Il 𝗧𝗔𝗥 𝗟𝗼𝗺𝗯𝗮𝗿𝗱𝗶𝗮, con una recente sentenza, condividendo le tesi difensive da noi sostenute, 𝗵𝗮 𝗮𝗰𝗰𝗼𝗹𝘁𝗼 𝗶𝗹 𝗿𝗶𝗰𝗼𝗿𝘀𝗼 di un candidato con disturbo specifico dell'apprendimento (DSA), annullando gli atti che gli avevano precluso la prosecuzione del concorso per i ruoli del personale docente della scuola secondaria.

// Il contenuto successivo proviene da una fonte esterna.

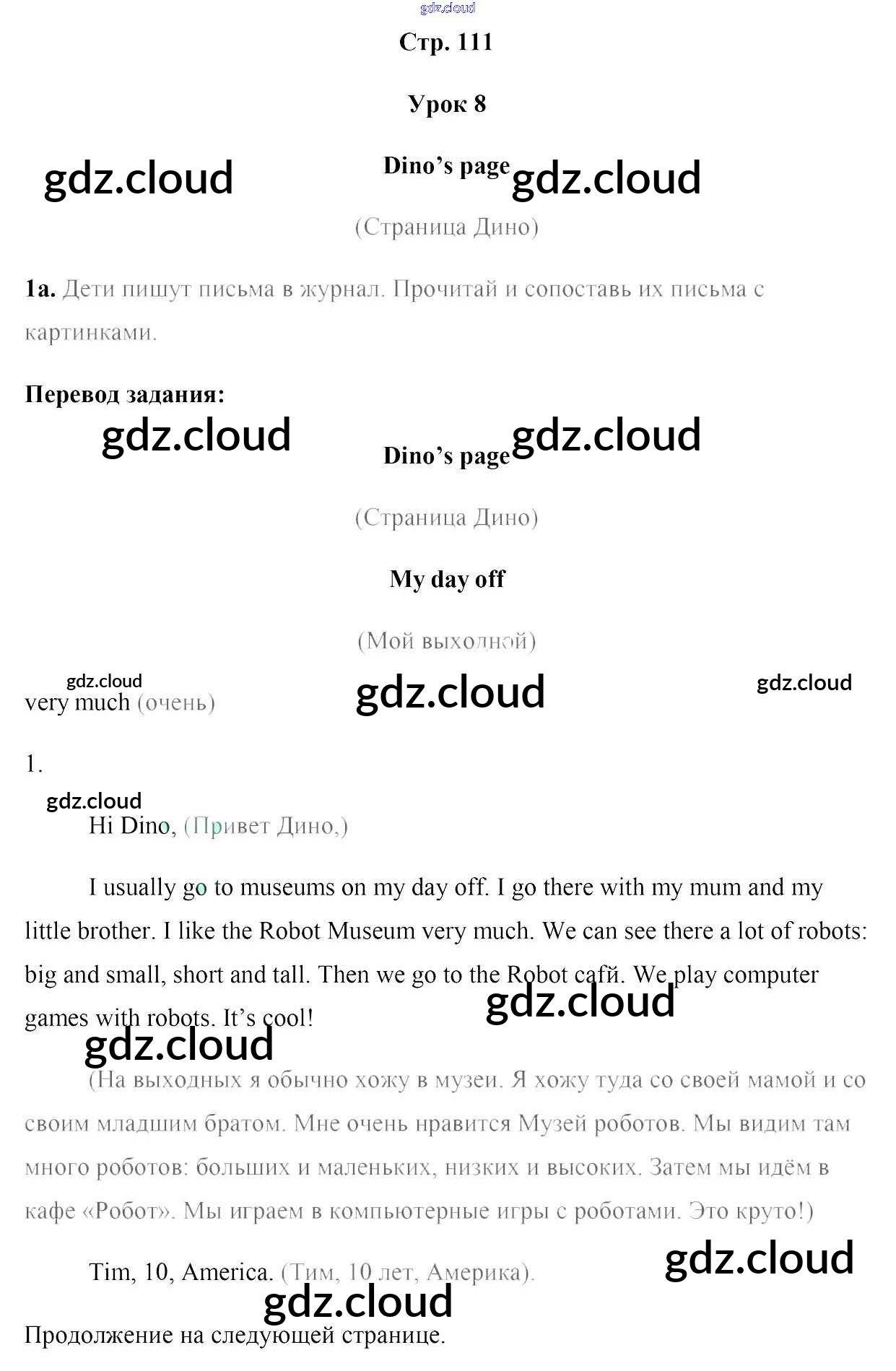Ответ на задание стр.111 Учебник Английский язык за 4 (четвертый) класс Лапицкая, Севрюкова, Калишевич, Седунова 2019 Часть 1, 2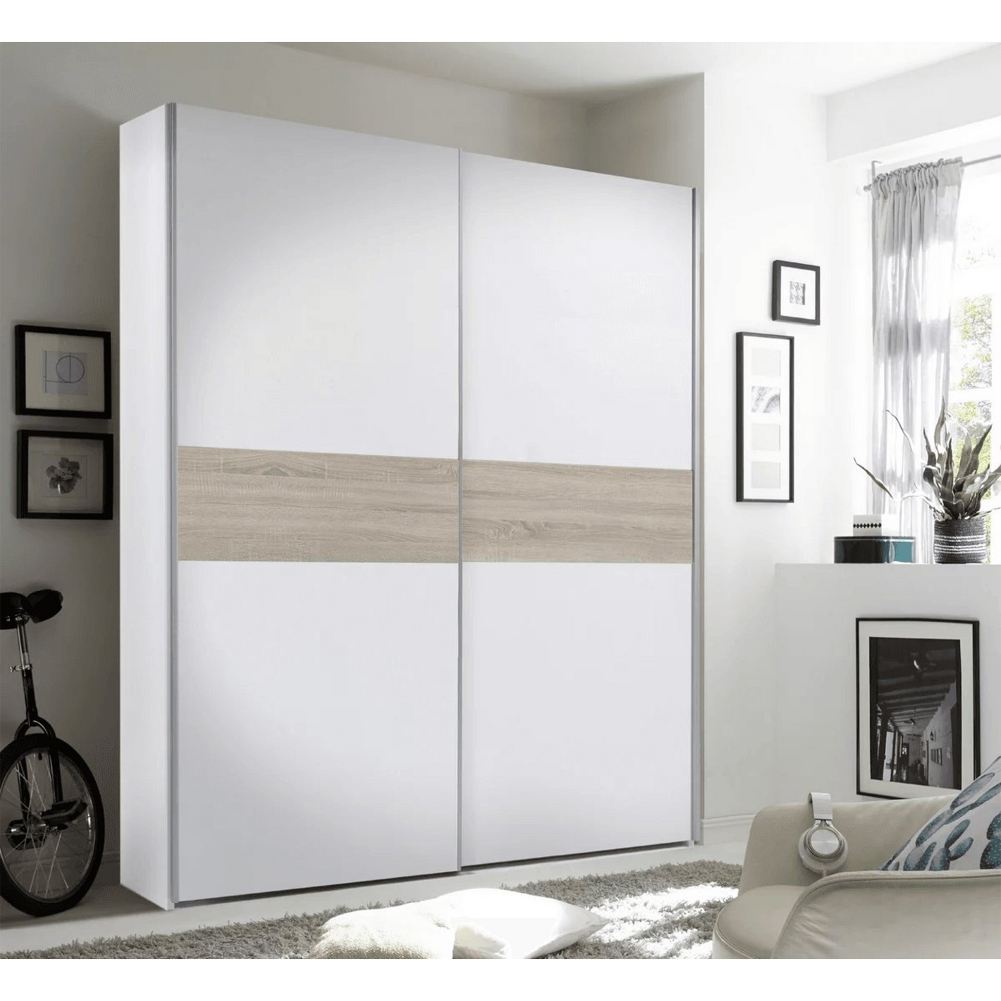 • Design Versatil și Eleganță Modernă: Cu o combinație de finisaje Alb și Sonoma Eiche, șifonierul emană un aspect contemporan și versatil. Se integrează perfect în orice decor de dormitor, adăugând un strop de eleganță.

📖 𝗖𝗢𝗦𝗔 𝗦𝗢𝗡𝗢 𝗚𝗟𝗜 𝗦𝗧𝗥𝗨𝗠𝗘𝗡𝗧𝗜 𝗖𝗢𝗠𝗣𝗘𝗡𝗦𝗔𝗧𝗜𝗩𝗜
I candidati con DSA hanno diritto, nei concorsi pubblici, a tempi aggiuntivi e strumenti compensativi, previa presentazione di idonea certificazione sanitaria (L. 170/2010; art. 3, comma 4-bis, D.L. 80/2021).
𝗡𝗼𝗻 𝘂𝗻 𝘃𝗮𝗻𝘁𝗮𝗴𝗴𝗶𝗼, 𝗺𝗮 𝘂𝗻𝗼 𝘀𝘁𝗿𝘂𝗺𝗲𝗻𝘁𝗼 𝗱𝗶 𝗿𝗶𝗲𝗾𝘂𝗶𝗹𝗶𝗯𝗿𝗶𝗼 che garantisce condizioni di effettiva parità con gli altri concorrenti.

📌 𝗟𝗔 𝗩𝗜𝗖𝗘𝗡𝗗𝗔
Il nostro assistito aveva tempestivamente richiesto le misure compensative, ma ha sostenuto la prova scritta senza alcuna misura, mancando di poco la soglia minima. Respinta l'istanza cautelare in primo grado, abbiamo proposto appello al Consiglio di Stato che, all'esito di apposita istruttoria, ha accertato che la richiesta era stata trasmessa all'indirizzo indicato dall'Amministrazione, ricevuta e protocollata, ordinando la 𝗿𝗶𝗽𝗲𝘁𝗶𝘇𝗶𝗼𝗻𝗲 𝗱𝗲𝗹𝗹𝗮 𝗽𝗿𝗼𝘃𝗮 𝗰𝗼𝗻 𝗴𝗹𝗶 𝘀𝘁𝗿𝘂𝗺𝗲𝗻𝘁𝗶 𝗰𝗼𝗺𝗽𝗲𝗻𝘀𝗮𝘁𝗶𝘃𝗶.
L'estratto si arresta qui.